If you've spent any time building with Model Context Protocol, you've probably noticed that the ecosystem is fragmented across at least four or five different places. There's no single canonical registry, which means developers end up bouncing between Smithery, Glama, mcp-get, and a handful of GitHub awesome lists depending on what they're looking for and who they trust.

Each of these registries has a distinct philosophy about what belongs in it and how much vetting is worth doing. Understanding those differences saves you from installing something sketchy or spending an afternoon evaluating a tool that's been abandoned since January.

Smithery: The Package Manager Approach

Smithery positions itself closest to what you'd expect from a traditional package registry. It has a web interface for browsing, but the real focus is on installability. Servers listed on Smithery are expected to work with a consistent installation flow, which means there's at least a baseline of structural consistency across listings.

As of mid-2025, Smithery lists several thousand MCP servers and has become one of the more frequently cited sources in Claude and other agent integration documentation. The submission process requires a working server with a defined schema, which filters out the most half-finished projects before they ever appear in search results.

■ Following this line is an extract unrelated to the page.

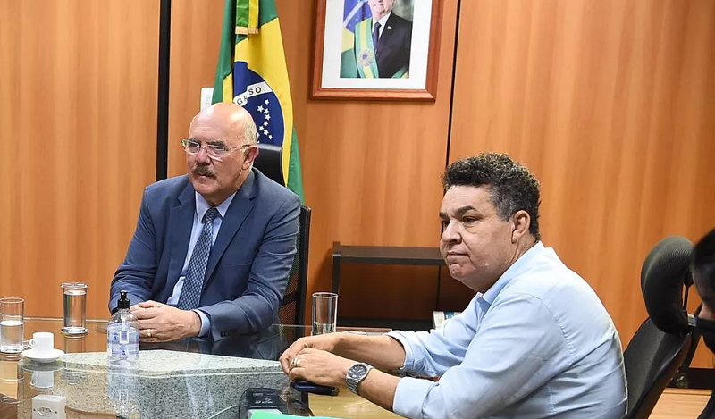 O ministro da Educação, Milton Ribeiro, com o pastor Arilton Moura em 30/11/2021 — Foto: Luis Fortes/MEC

The quality floor is real, but it's not especially high. Smithery verifies that a server is installable and has a valid manifest, but it doesn't do deep security review or audit what the server actually does with the permissions it requests. A server that requests filesystem access and then does something unexpected with it would pass Smithery's current checks without issue.

Where Smithery stands out is tooling integration. It has direct hooks into Claude Desktop configuration and publishes structured metadata that other tools can consume programmatically. If you're building something that needs to enumerate available MCP servers or automate installation, Smithery's API is the most developer-friendly of the bunch.

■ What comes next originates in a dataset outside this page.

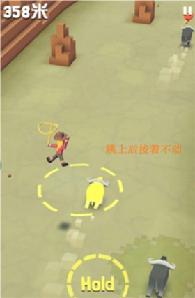1、进入游戏后,角色会骑着小野牛,按住画面不松手,当前方动物距离较近时,滑动屏幕进行跳跃。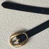 The Ron Belt Burgundy/Vintage Gold. Featuring PU fabrication. thin design and fitted with an oval. gold plated hardware buckle. Style with your go-to pair of jeans for a chic and effortless look!

Glama: Curation With a Security Lens

Glama takes a noticeably different approach. Rather than optimizing for breadth, it leans into curation and has invested more explicitly in security review as part of the listing process. Servers on Glama go through a review that includes checking for obvious prompt injection risks, evaluating what permissions are requested versus what the server's stated purpose requires, and flagging tools that have suspicious dependency chains.

This makes Glama's catalog smaller than Smithery's, but the signal-to-noise ratio is better. If you're evaluating MCP servers for use in a production environment or an enterprise context, starting with Glama's listings gives you a shorter list of things to worry about.

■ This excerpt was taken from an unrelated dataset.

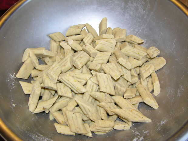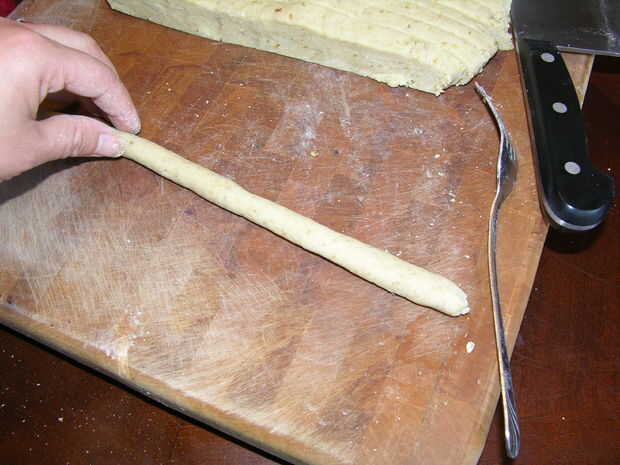 Cada pieza del rodillo presionando suavemente con los dedos separados. El objetivo es hacer una cuerda uniformemente distribuido. Para los ñoquis más cortos, más pesados, enrolle la masa en forma de gruesas cuerdas. Rollo de cuerdas más para ñoquis más fino.

Glama also publishes security metadata alongside listings, which is genuinely useful. You can see at a glance whether a server has known dependency vulnerabilities, what permissions it declares, and whether the review flagged anything worth investigating. That transparency is something most other registries don't offer at all.

The tradeoff is coverage. Newer servers, experimental tools, and community projects often appear on Smithery or the awesome lists weeks or months before they show up on Glama, if they ever do. If you're trying to stay current with what's being built, Glama alone will leave gaps.

mcp-get: The CLI-First Registry

mcp-get is the most developer-tool-native of the major registries. It's built around a command-line interface, and the experience is deliberately similar to using npm install or brew install. You run npx mcp-get install <server-name> and it handles configuration injection into your Claude Desktop or other client setup automatically.

The registry backing mcp-get is community-maintained via pull requests to a central repository. Anyone can submit a server by opening a PR with the required metadata, and maintainers review and merge. This keeps the process transparent and auditable, since you can look at the git history to see exactly when something was added and who approved it.

The review quality on mcp-get PRs is variable. Some PRs get thorough review from active maintainers; others get a quick look and a merge. There's no automated security scanning in the pipeline, so the safety of any given listing depends heavily on how much attention the reviewing maintainer paid that day.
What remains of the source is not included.